[Start of section]

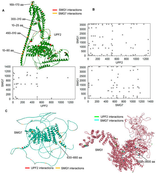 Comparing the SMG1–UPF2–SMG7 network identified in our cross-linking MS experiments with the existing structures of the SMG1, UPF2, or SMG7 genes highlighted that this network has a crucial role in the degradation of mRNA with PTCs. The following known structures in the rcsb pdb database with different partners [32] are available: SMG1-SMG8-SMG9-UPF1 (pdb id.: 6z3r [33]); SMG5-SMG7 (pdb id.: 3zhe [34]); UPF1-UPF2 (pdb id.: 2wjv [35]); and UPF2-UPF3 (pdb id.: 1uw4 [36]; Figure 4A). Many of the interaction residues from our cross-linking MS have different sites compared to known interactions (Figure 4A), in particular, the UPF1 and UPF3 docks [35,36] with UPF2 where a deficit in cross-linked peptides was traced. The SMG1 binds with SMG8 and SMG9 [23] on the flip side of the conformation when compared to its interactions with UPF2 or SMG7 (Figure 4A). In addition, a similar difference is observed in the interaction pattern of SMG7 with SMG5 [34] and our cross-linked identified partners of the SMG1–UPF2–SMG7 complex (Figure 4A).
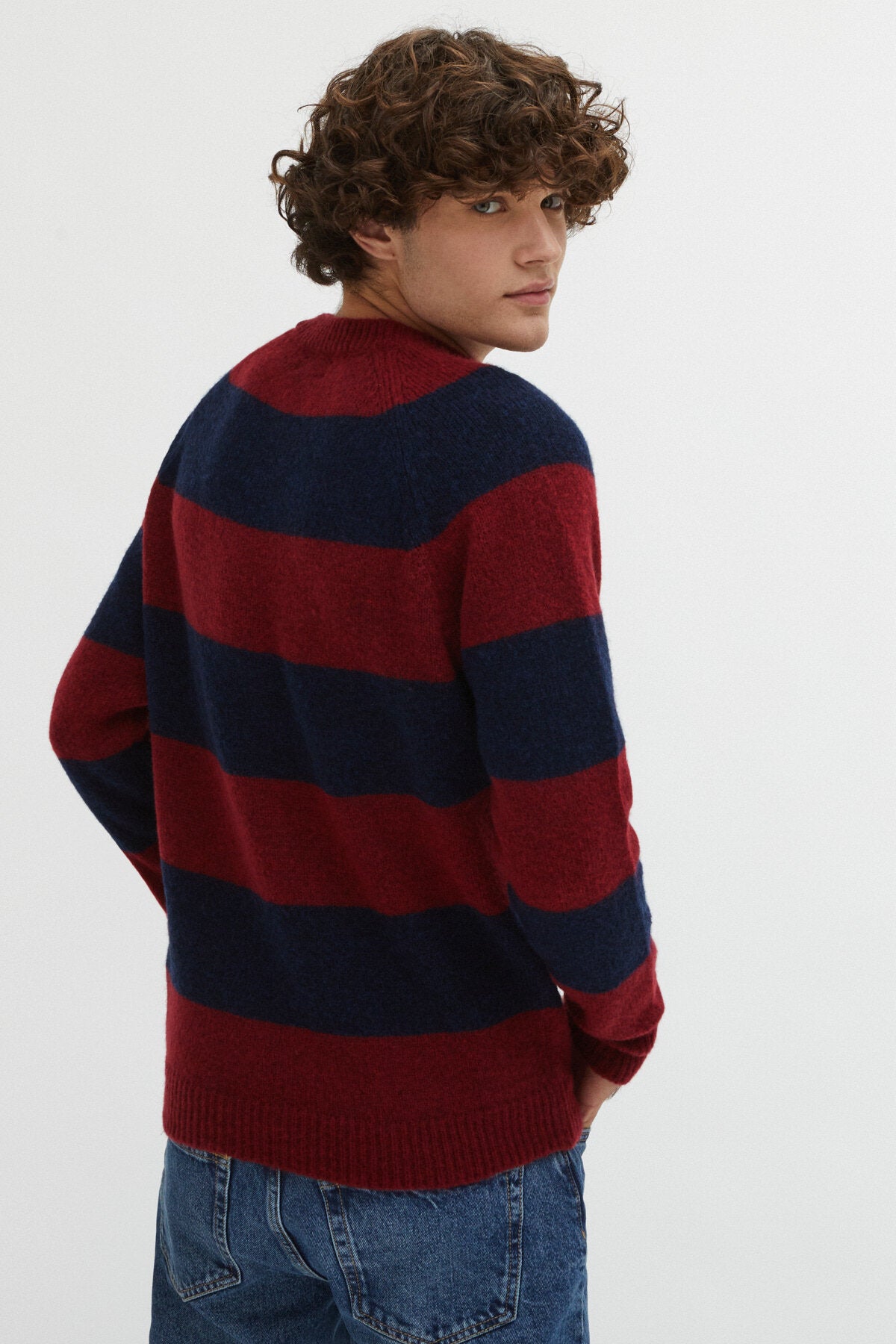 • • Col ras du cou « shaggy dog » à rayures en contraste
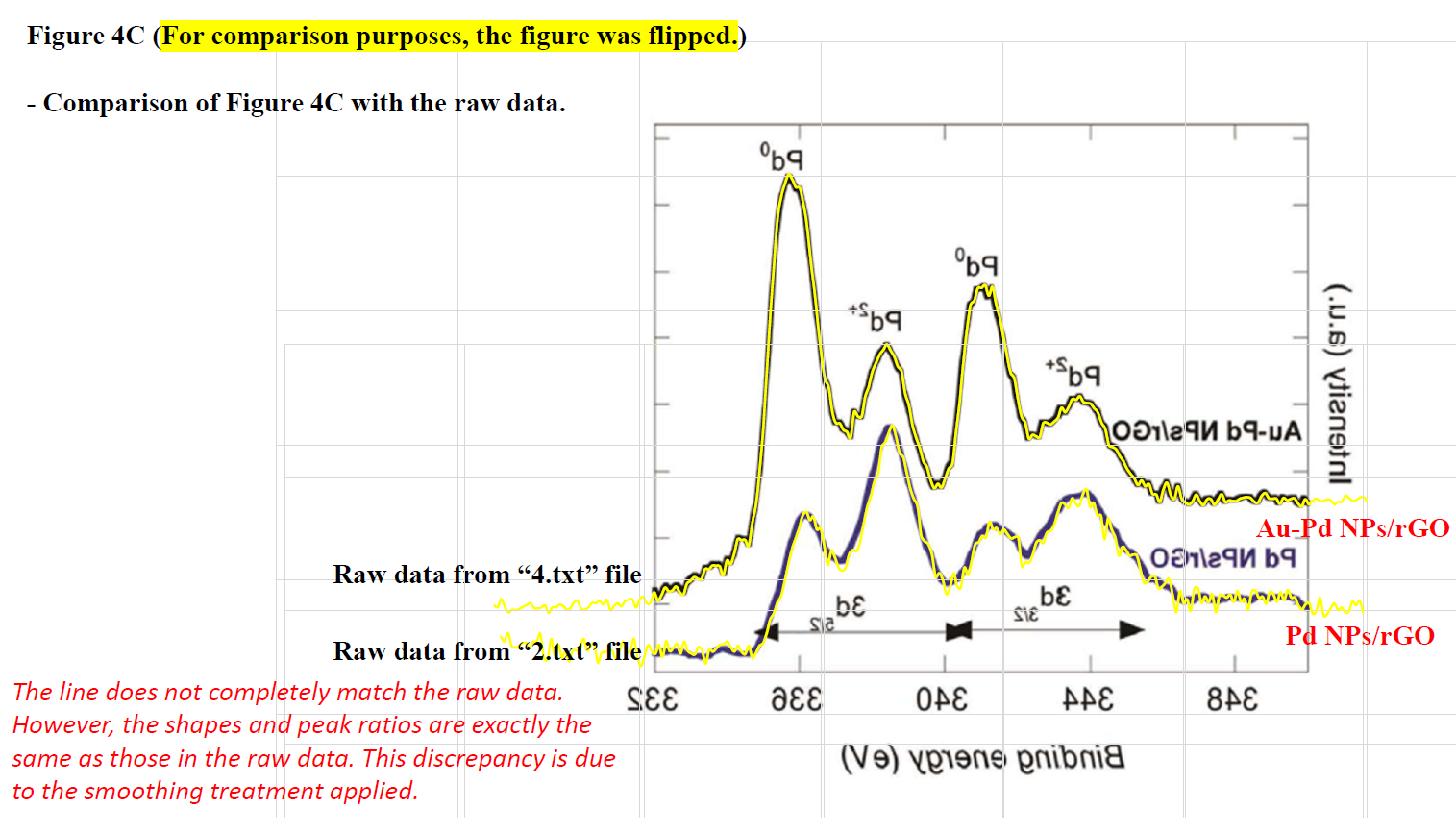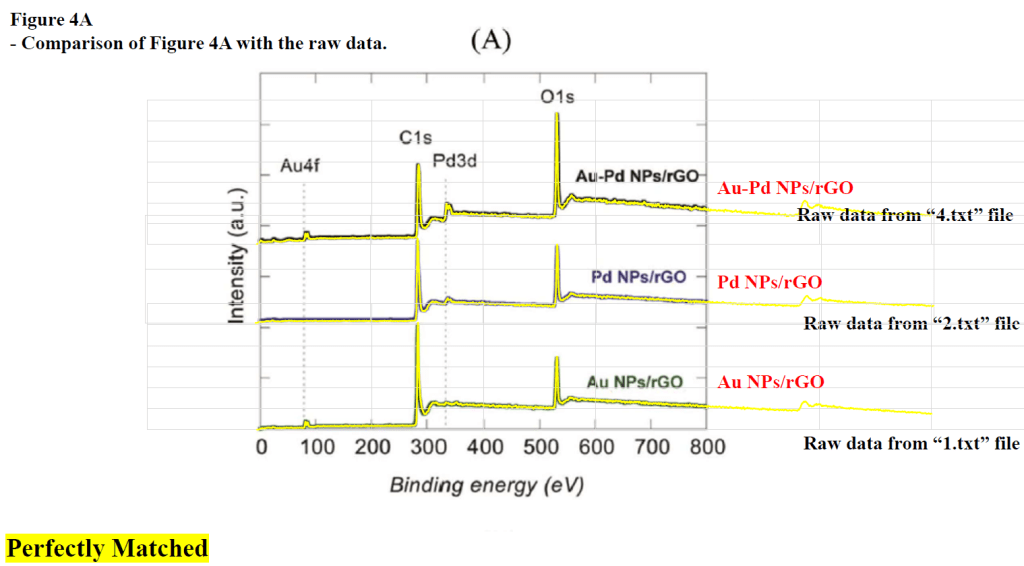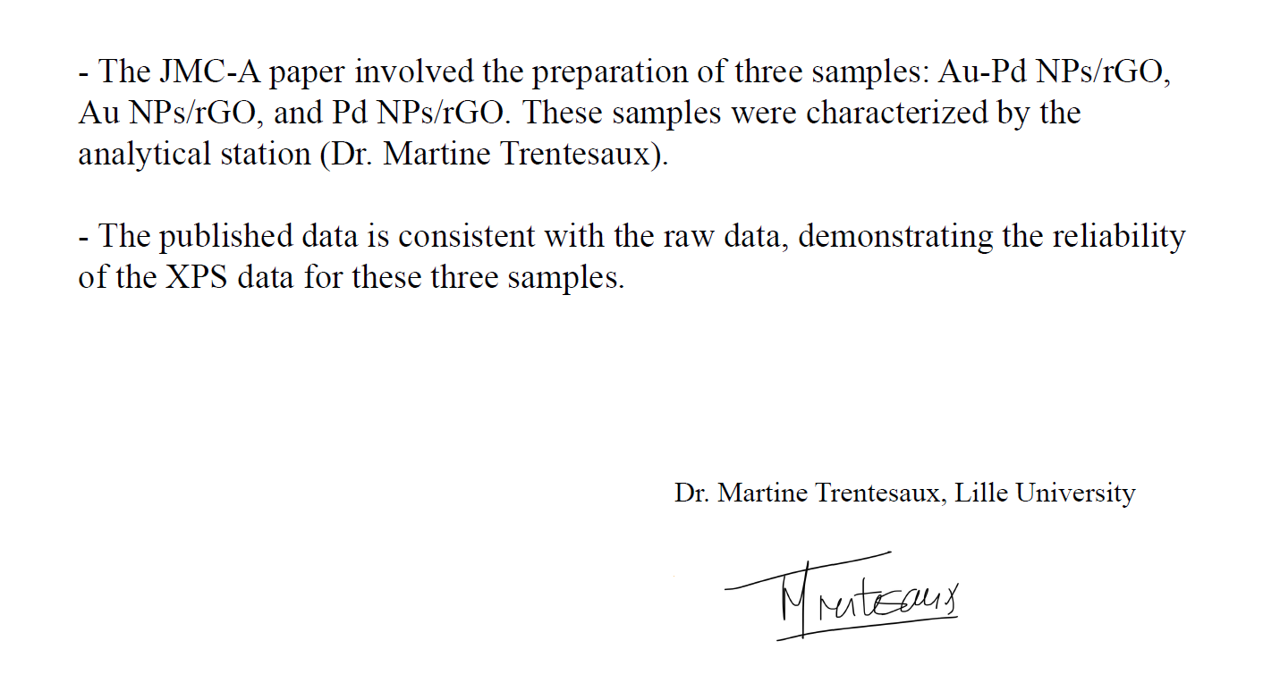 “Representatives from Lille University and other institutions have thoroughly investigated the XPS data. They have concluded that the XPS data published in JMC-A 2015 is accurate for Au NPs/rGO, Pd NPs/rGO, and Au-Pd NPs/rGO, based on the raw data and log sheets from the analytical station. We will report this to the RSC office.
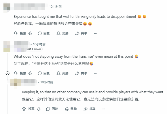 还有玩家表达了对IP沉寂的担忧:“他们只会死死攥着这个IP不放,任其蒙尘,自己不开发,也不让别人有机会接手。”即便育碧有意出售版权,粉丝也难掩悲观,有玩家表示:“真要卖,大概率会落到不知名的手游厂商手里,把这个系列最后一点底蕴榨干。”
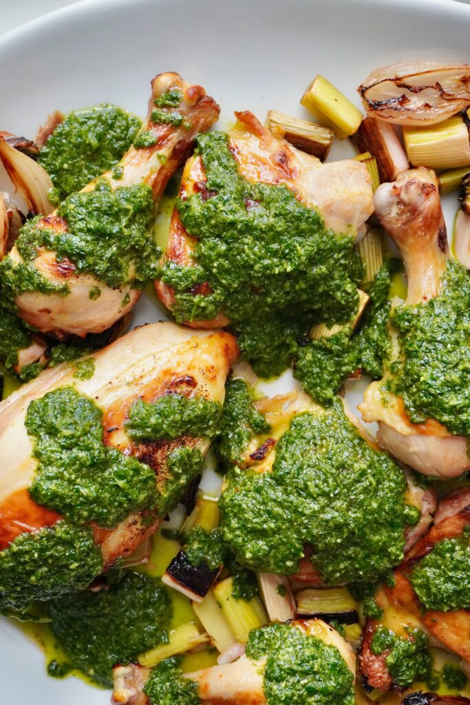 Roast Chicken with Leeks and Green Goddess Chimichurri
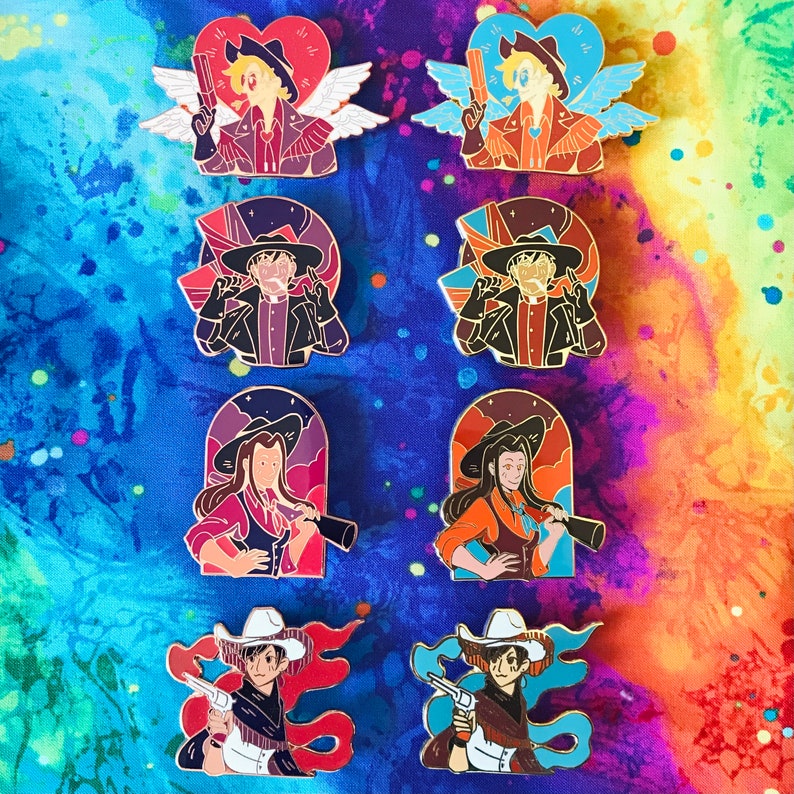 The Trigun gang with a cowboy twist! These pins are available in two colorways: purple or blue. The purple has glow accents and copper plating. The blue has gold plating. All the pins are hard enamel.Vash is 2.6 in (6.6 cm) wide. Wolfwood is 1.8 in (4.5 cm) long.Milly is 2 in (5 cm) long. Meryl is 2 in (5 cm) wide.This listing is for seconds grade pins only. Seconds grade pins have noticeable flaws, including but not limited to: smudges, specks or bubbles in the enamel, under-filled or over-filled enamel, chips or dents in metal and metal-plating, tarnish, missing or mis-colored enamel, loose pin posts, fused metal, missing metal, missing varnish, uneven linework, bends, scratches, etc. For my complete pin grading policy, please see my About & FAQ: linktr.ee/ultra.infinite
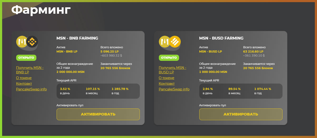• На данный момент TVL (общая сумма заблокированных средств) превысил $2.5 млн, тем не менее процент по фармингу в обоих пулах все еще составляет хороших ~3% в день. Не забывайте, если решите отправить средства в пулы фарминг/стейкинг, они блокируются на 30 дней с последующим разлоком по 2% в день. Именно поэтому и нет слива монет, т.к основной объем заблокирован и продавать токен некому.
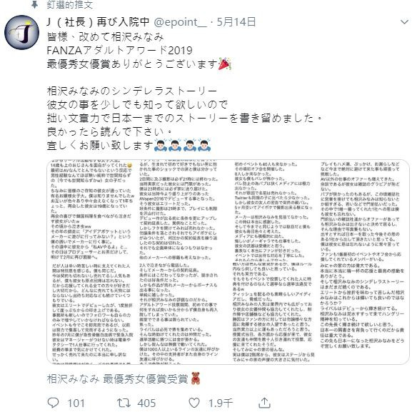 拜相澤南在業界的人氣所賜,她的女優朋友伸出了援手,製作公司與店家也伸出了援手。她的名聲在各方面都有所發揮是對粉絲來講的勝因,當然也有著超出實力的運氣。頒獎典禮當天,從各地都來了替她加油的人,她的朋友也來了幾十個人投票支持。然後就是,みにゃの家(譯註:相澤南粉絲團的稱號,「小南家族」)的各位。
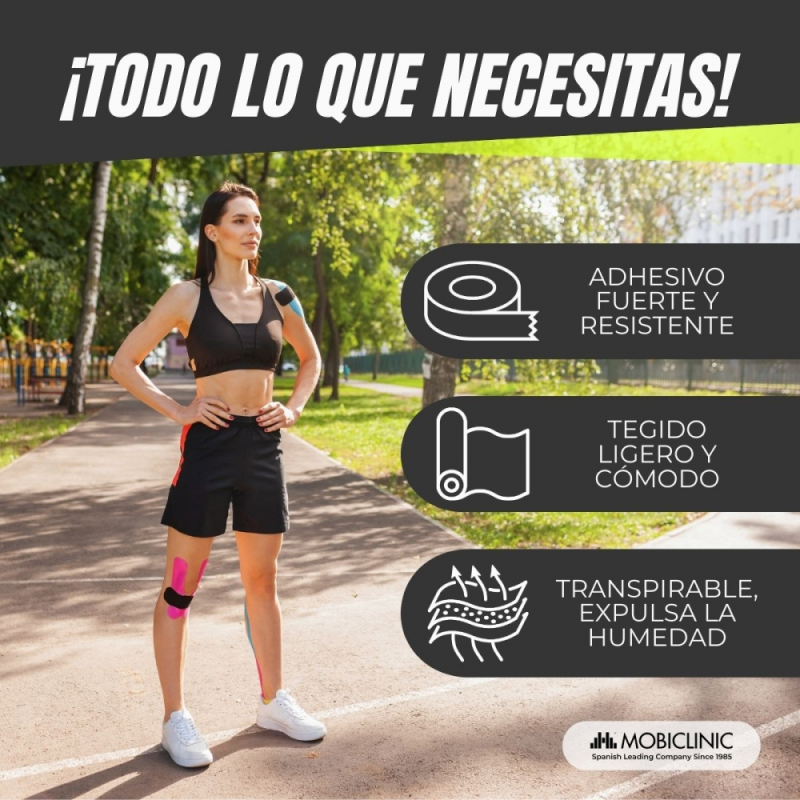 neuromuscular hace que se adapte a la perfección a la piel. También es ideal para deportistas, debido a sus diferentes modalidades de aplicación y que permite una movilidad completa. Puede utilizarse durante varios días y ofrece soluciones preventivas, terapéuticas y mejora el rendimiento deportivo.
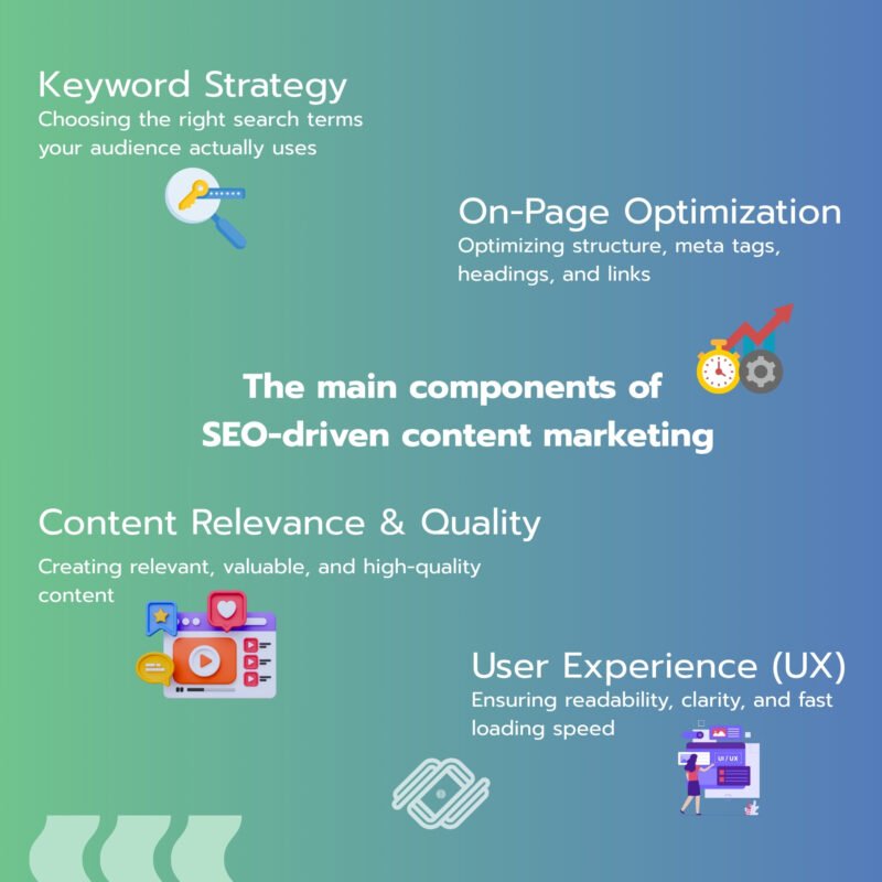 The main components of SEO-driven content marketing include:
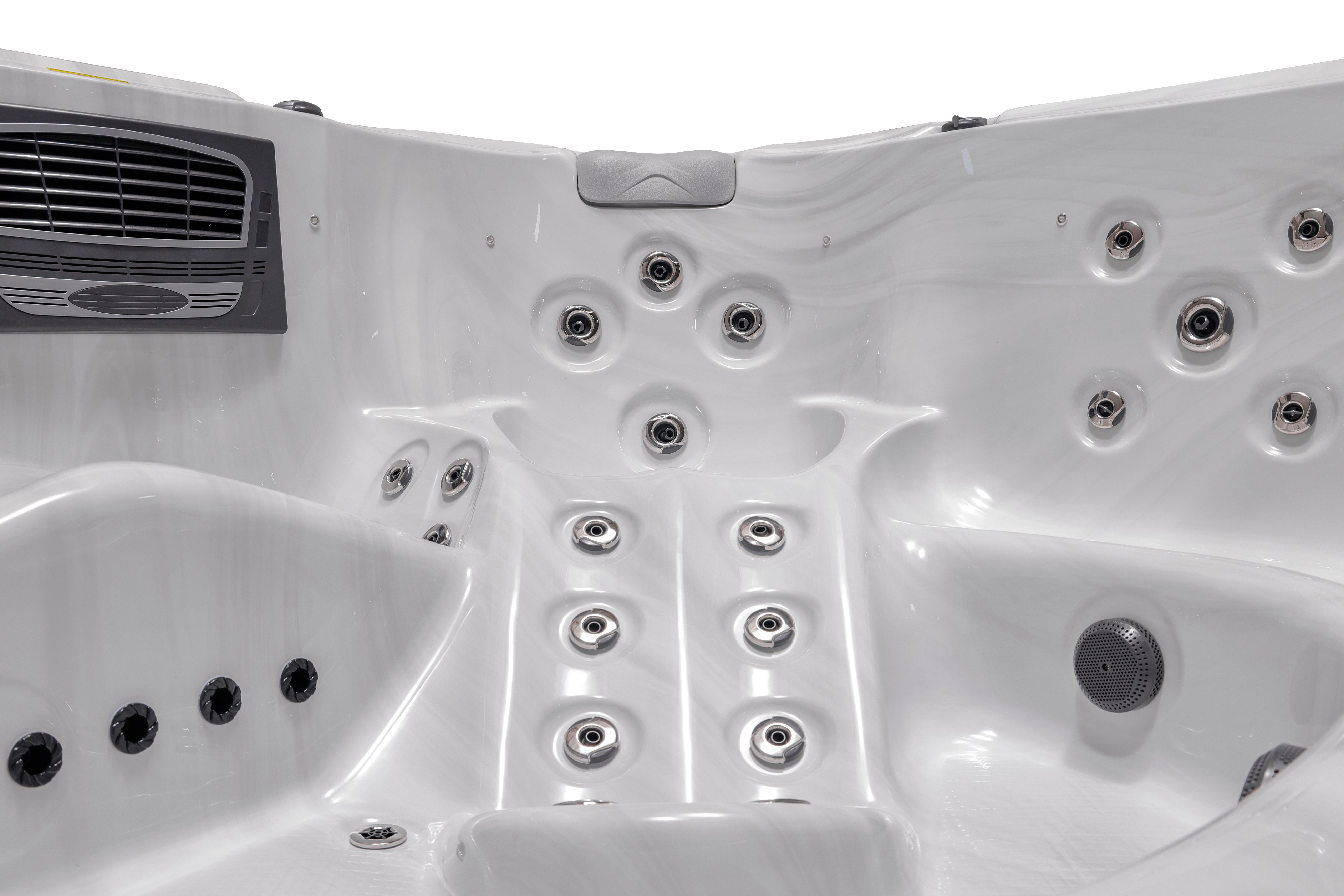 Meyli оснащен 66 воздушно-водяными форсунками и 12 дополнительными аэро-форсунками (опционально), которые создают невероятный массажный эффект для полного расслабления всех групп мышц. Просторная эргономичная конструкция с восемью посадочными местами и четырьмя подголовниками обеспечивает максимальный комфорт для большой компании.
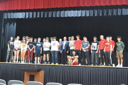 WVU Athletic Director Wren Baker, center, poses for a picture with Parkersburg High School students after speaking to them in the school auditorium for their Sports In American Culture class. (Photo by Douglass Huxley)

[End of section]

• [Activity] Only the lines from the one with "Meyli оснащен 66" through the end of the listing above should be output, exactly as written and with no pictures.

• [Solution to the problem]
 Meyli оснащен 66 воздушно-водяными форсунками и 12 дополнительными аэро-форсунками (опционально), которые создают невероятный массажный эффект для полного расслабления всех групп мышц. Просторная эргономичная конструкция с восемью посадочными местами и четырьмя подголовниками обеспечивает максимальный комфорт для большой компании.
 WVU Athletic Director Wren Baker, center, poses for a picture with Parkersburg High School students after speaking to them in the school auditorium for their Sports In American Culture class. (Photo by Douglass Huxley)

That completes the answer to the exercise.